WHAT THE EXERCISE ASKS:
In the listing below, locate the line with "تجمع المتظاهرون في" and the line with "This short winter", then output both and everything between them exactly, minus any pictures.

TASK DATA:

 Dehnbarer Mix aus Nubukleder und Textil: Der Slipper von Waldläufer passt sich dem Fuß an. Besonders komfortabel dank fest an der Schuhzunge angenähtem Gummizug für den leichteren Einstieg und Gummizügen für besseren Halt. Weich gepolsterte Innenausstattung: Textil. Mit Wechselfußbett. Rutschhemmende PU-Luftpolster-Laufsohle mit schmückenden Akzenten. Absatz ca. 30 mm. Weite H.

==

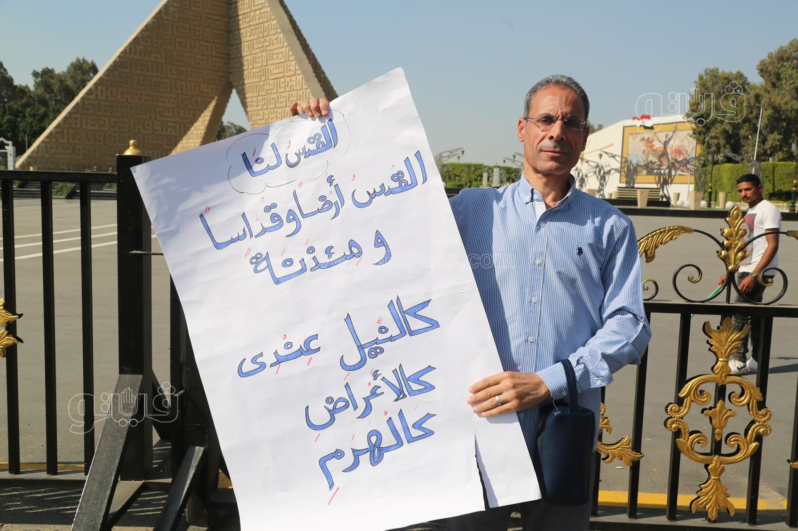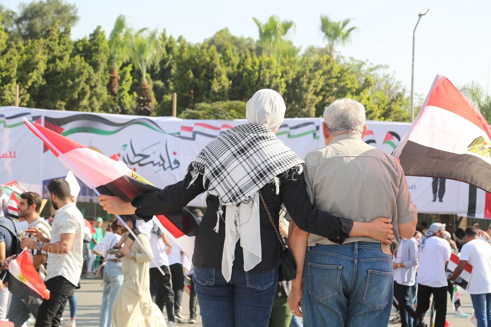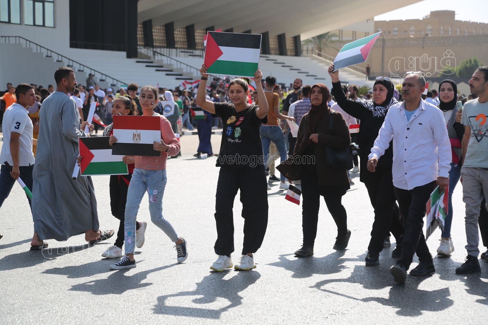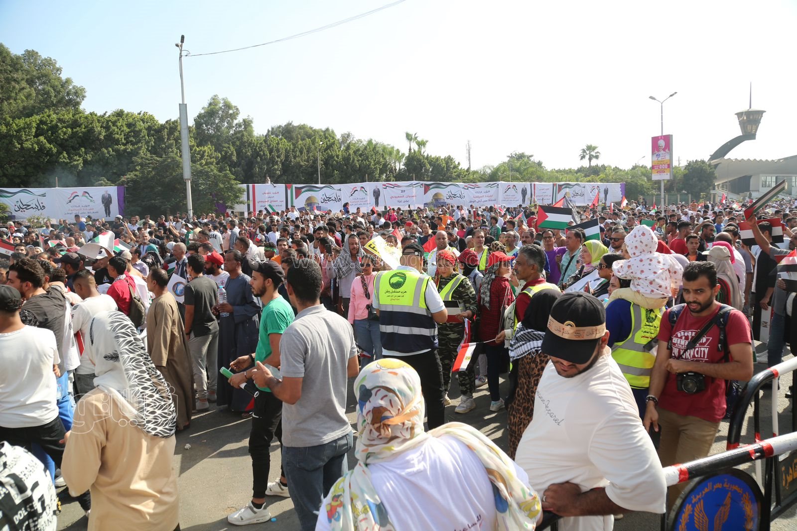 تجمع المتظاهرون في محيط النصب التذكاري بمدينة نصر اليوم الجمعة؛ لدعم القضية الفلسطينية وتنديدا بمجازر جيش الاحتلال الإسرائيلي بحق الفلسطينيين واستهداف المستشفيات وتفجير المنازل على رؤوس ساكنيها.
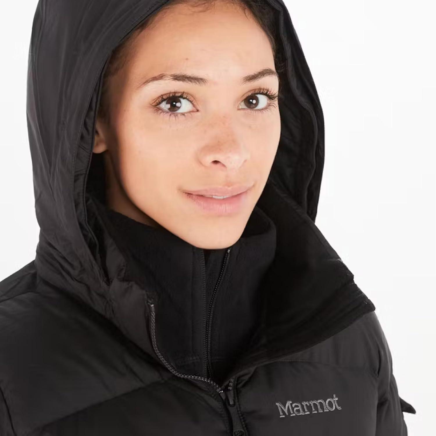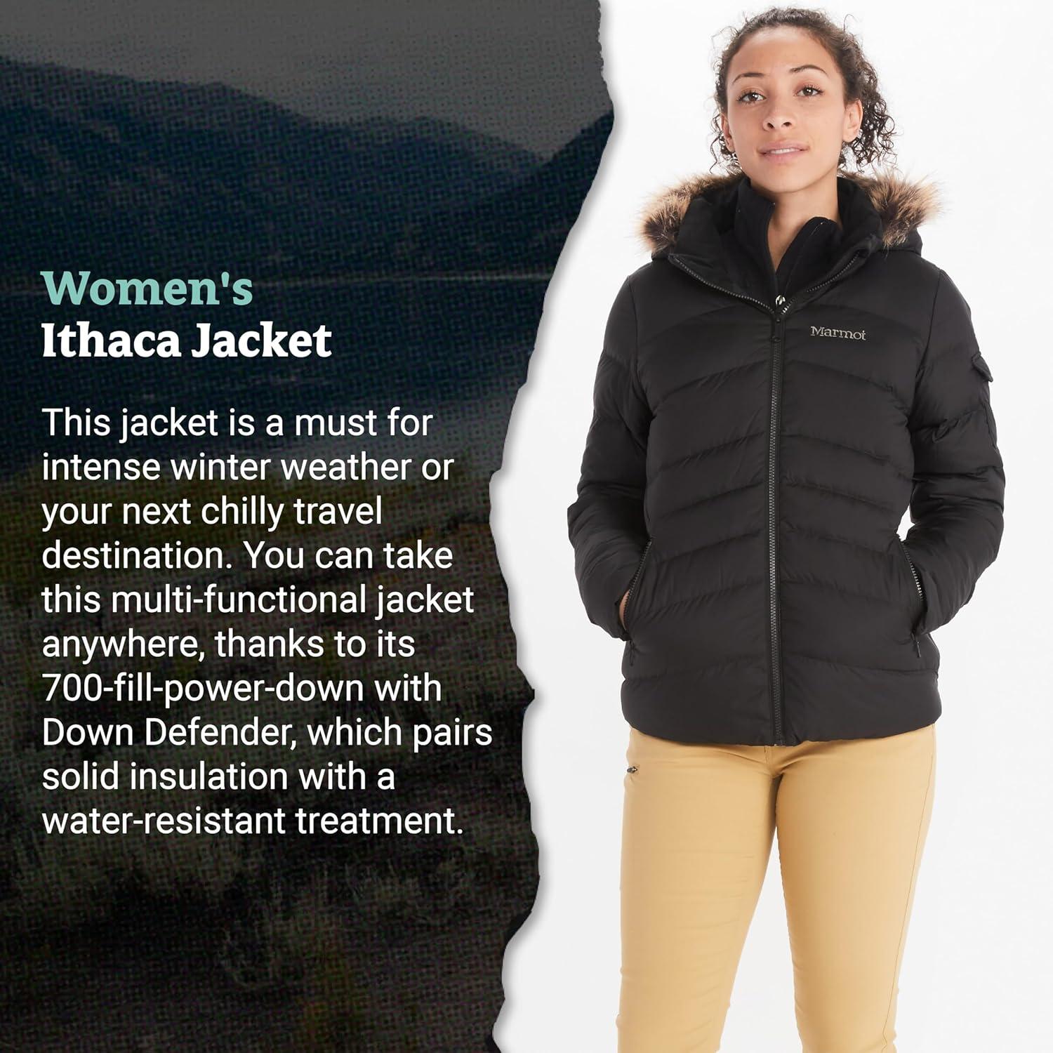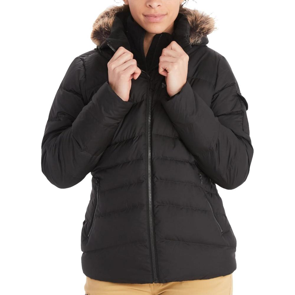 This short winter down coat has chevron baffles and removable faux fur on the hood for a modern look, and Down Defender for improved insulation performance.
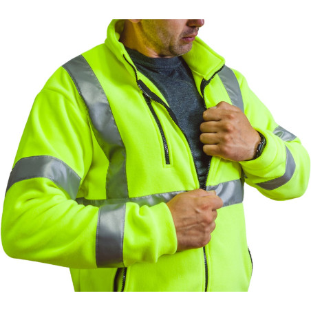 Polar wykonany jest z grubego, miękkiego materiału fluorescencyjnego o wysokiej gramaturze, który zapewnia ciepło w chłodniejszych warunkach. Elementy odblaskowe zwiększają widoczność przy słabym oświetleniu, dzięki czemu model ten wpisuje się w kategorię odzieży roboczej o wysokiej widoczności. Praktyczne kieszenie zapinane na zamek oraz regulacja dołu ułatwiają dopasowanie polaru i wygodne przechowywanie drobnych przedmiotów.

...

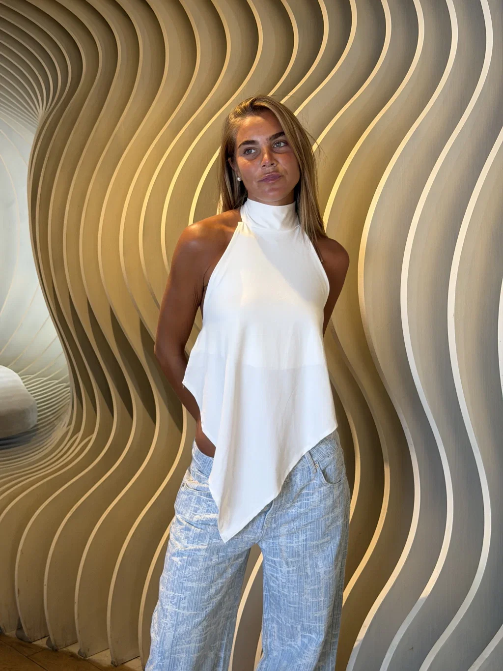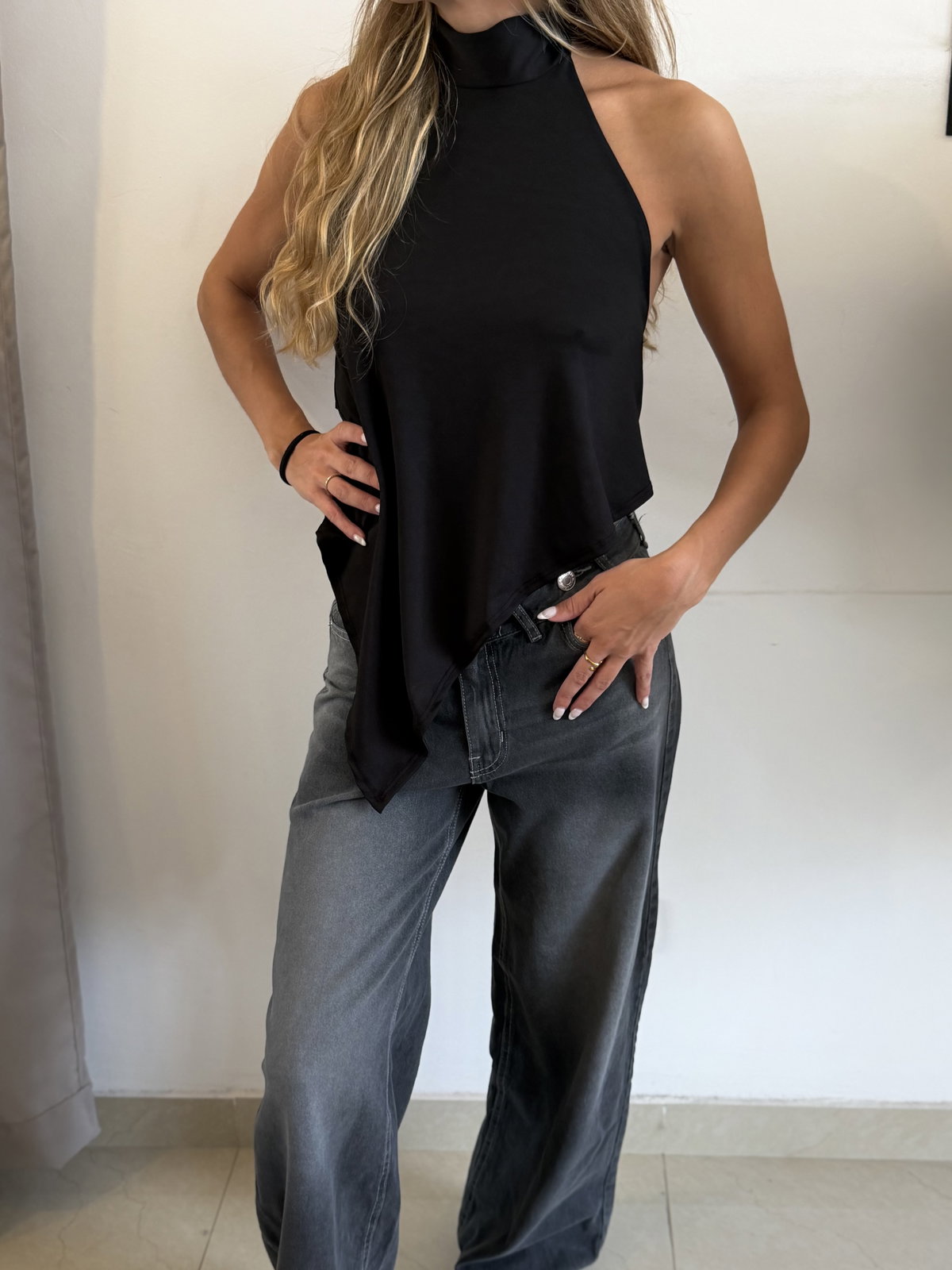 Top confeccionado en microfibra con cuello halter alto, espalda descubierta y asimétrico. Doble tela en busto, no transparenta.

SOLUTION TO THIS EXERCISE:
 تجمع المتظاهرون في محيط النصب التذكاري بمدينة نصر اليوم الجمعة؛ لدعم القضية الفلسطينية وتنديدا بمجازر جيش الاحتلال الإسرائيلي بحق الفلسطينيين واستهداف المستشفيات وتفجير المنازل على رؤوس ساكنيها.
 This short winter down coat has chevron baffles and removable faux fur on the hood for a modern look, and Down Defender for improved insulation performance.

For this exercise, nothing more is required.